> _Task data_
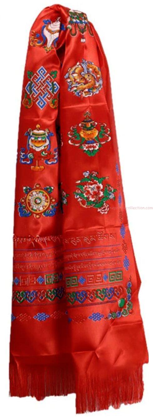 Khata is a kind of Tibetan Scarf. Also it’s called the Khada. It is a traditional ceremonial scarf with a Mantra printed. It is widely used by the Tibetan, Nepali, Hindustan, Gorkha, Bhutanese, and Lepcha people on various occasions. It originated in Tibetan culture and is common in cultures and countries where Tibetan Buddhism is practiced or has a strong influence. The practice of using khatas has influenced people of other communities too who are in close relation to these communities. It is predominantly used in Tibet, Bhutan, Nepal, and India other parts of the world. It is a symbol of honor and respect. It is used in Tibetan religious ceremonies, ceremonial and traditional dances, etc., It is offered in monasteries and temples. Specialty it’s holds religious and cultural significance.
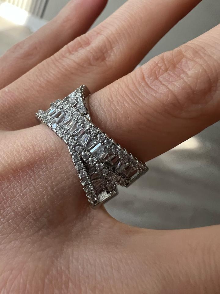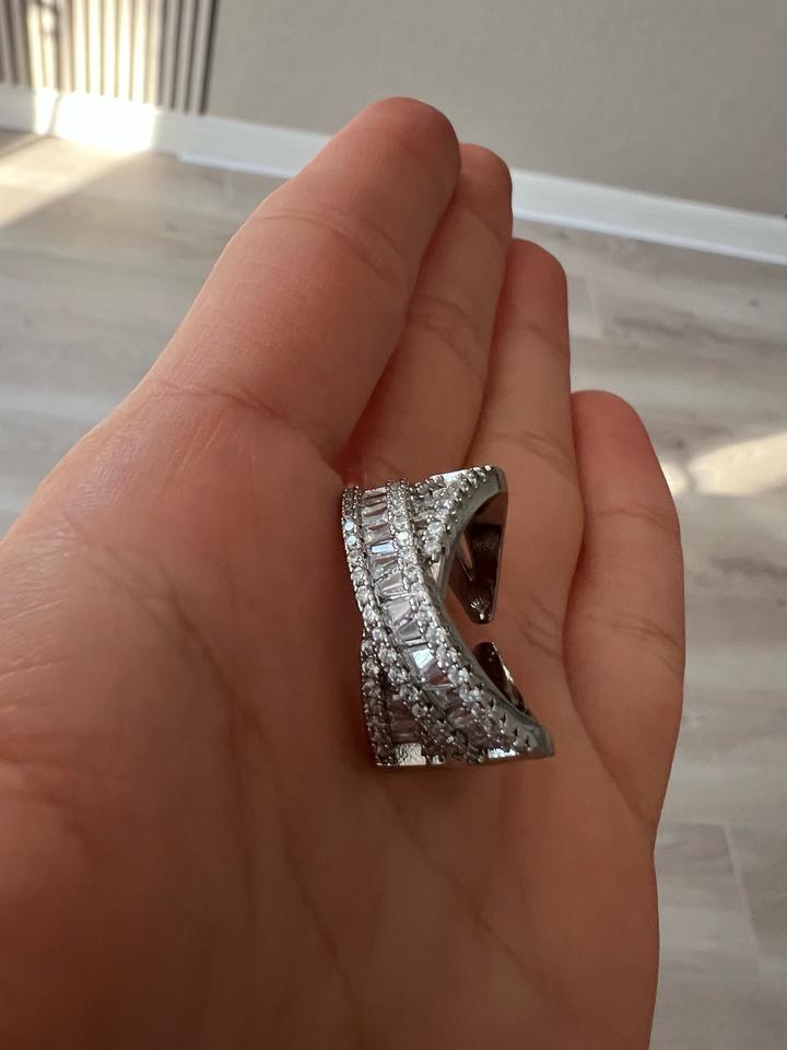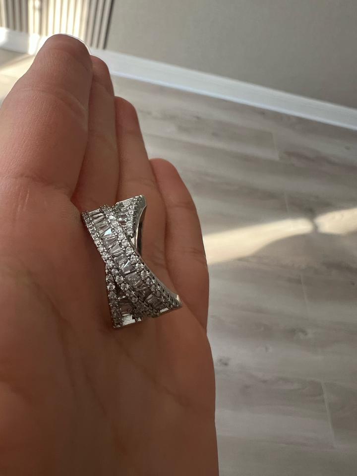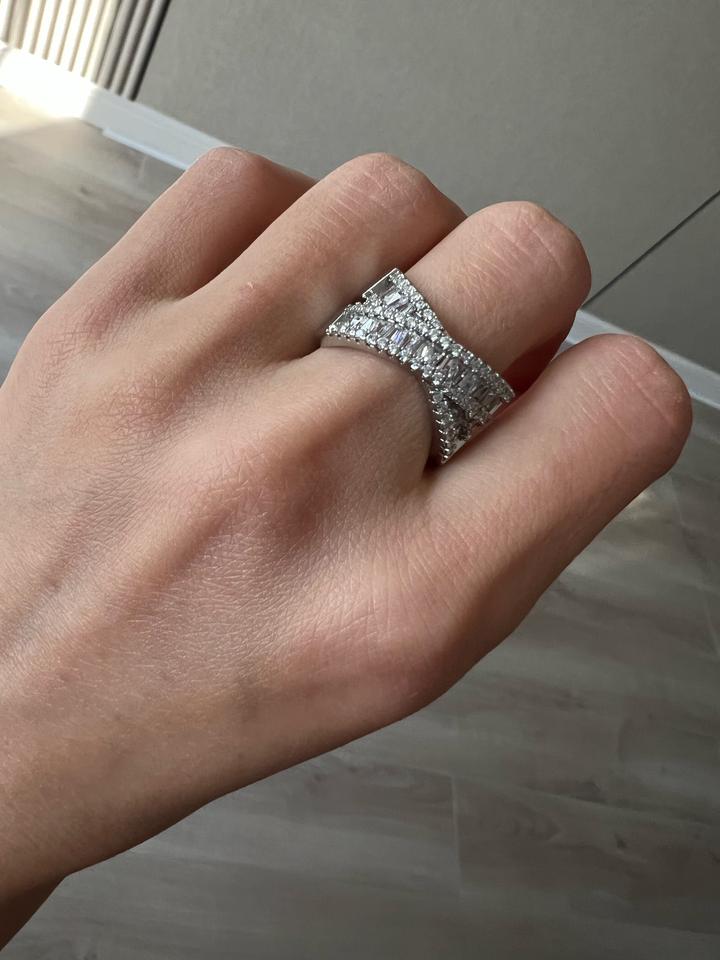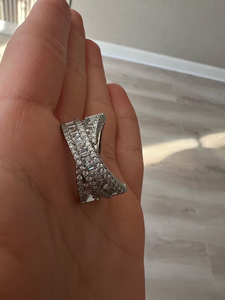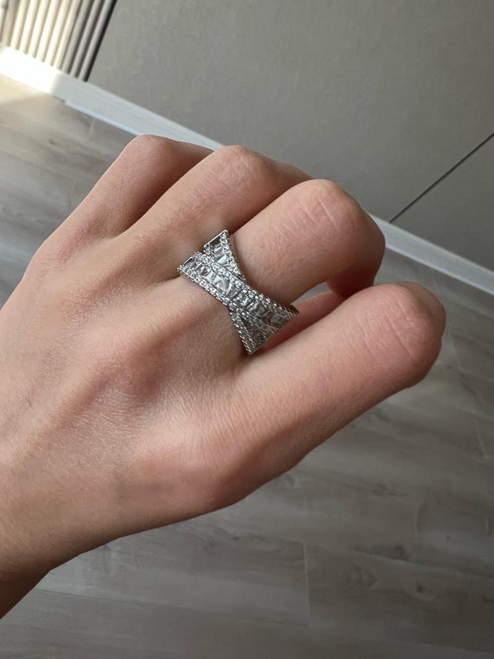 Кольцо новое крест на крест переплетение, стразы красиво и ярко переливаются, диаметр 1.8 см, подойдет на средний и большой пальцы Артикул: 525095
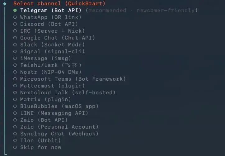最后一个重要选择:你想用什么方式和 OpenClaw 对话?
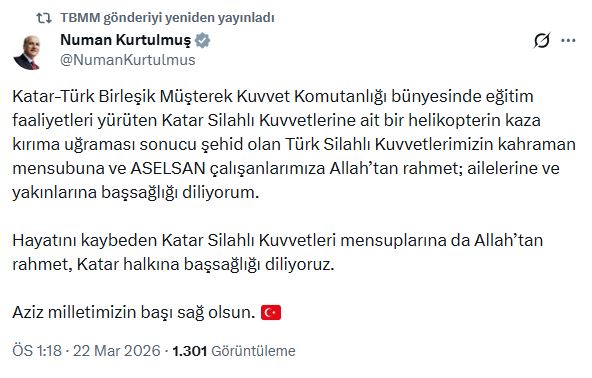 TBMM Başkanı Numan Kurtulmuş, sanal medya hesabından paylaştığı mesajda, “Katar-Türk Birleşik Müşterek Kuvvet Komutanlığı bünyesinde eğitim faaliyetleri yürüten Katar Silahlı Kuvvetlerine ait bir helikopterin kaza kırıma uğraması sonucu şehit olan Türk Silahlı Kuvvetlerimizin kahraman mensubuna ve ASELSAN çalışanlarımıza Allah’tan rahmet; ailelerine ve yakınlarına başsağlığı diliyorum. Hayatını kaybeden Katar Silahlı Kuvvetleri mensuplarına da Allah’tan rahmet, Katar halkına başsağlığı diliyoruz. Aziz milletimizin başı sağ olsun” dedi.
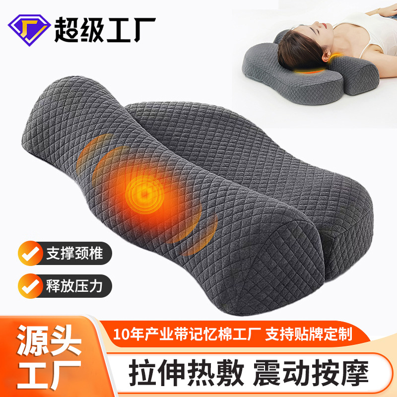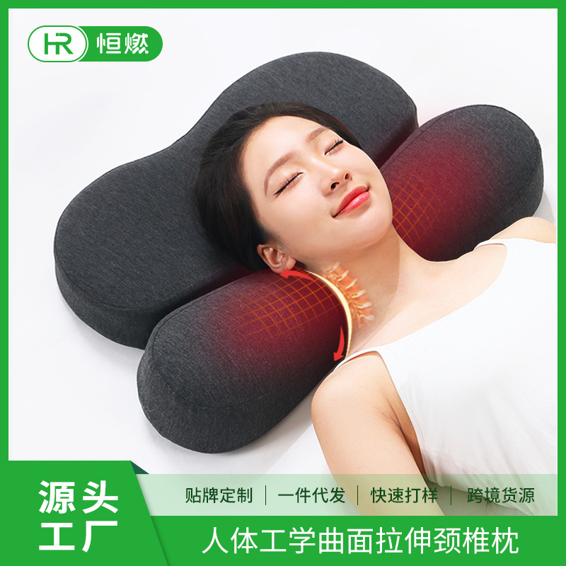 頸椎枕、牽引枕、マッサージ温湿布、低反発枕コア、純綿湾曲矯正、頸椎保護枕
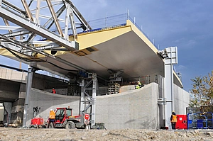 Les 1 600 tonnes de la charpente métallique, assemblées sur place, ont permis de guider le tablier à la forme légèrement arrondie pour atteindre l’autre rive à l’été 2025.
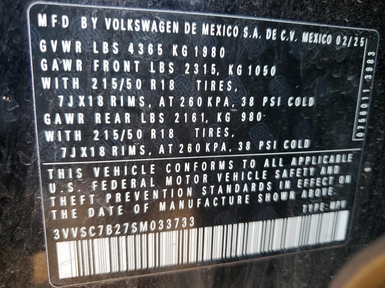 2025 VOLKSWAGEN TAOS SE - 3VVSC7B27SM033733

> _Problem details_
Once the pictures are removed, set down what remains of the entries above exactly.

> _Problem solution_
 Khata is a kind of Tibetan Scarf. Also it’s called the Khada. It is a traditional ceremonial scarf with a Mantra printed. It is widely used by the Tibetan, Nepali, Hindustan, Gorkha, Bhutanese, and Lepcha people on various occasions. It originated in Tibetan culture and is common in cultures and countries where Tibetan Buddhism is practiced or has a strong influence. The practice of using khatas has influenced people of other communities too who are in close relation to these communities. It is predominantly used in Tibet, Bhutan, Nepal, and India other parts of the world. It is a symbol of honor and respect. It is used in Tibetan religious ceremonies, ceremonial and traditional dances, etc., It is offered in monasteries and temples. Specialty it’s holds religious and cultural significance.
 Кольцо новое крест на крест переплетение, стразы красиво и ярко переливаются, диаметр 1.8 см, подойдет на средний и большой пальцы Артикул: 525095
最后一个重要选择:你想用什么方式和 OpenClaw 对话?
 TBMM Başkanı Numan Kurtulmuş, sanal medya hesabından paylaştığı mesajda, “Katar-Türk Birleşik Müşterek Kuvvet Komutanlığı bünyesinde eğitim faaliyetleri yürüten Katar Silahlı Kuvvetlerine ait bir helikopterin kaza kırıma uğraması sonucu şehit olan Türk Silahlı Kuvvetlerimizin kahraman mensubuna ve ASELSAN çalışanlarımıza Allah’tan rahmet; ailelerine ve yakınlarına başsağlığı diliyorum. Hayatını kaybeden Katar Silahlı Kuvvetleri mensuplarına da Allah’tan rahmet, Katar halkına başsağlığı diliyoruz. Aziz milletimizin başı sağ olsun” dedi.
 頸椎枕、牽引枕、マッサージ温湿布、低反発枕コア、純綿湾曲矯正、頸椎保護枕
 Les 1 600 tonnes de la charpente métallique, assemblées sur place, ont permis de guider le tablier à la forme légèrement arrondie pour atteindre l’autre rive à l’été 2025.
 2025 VOLKSWAGEN TAOS SE - 3VVSC7B27SM033733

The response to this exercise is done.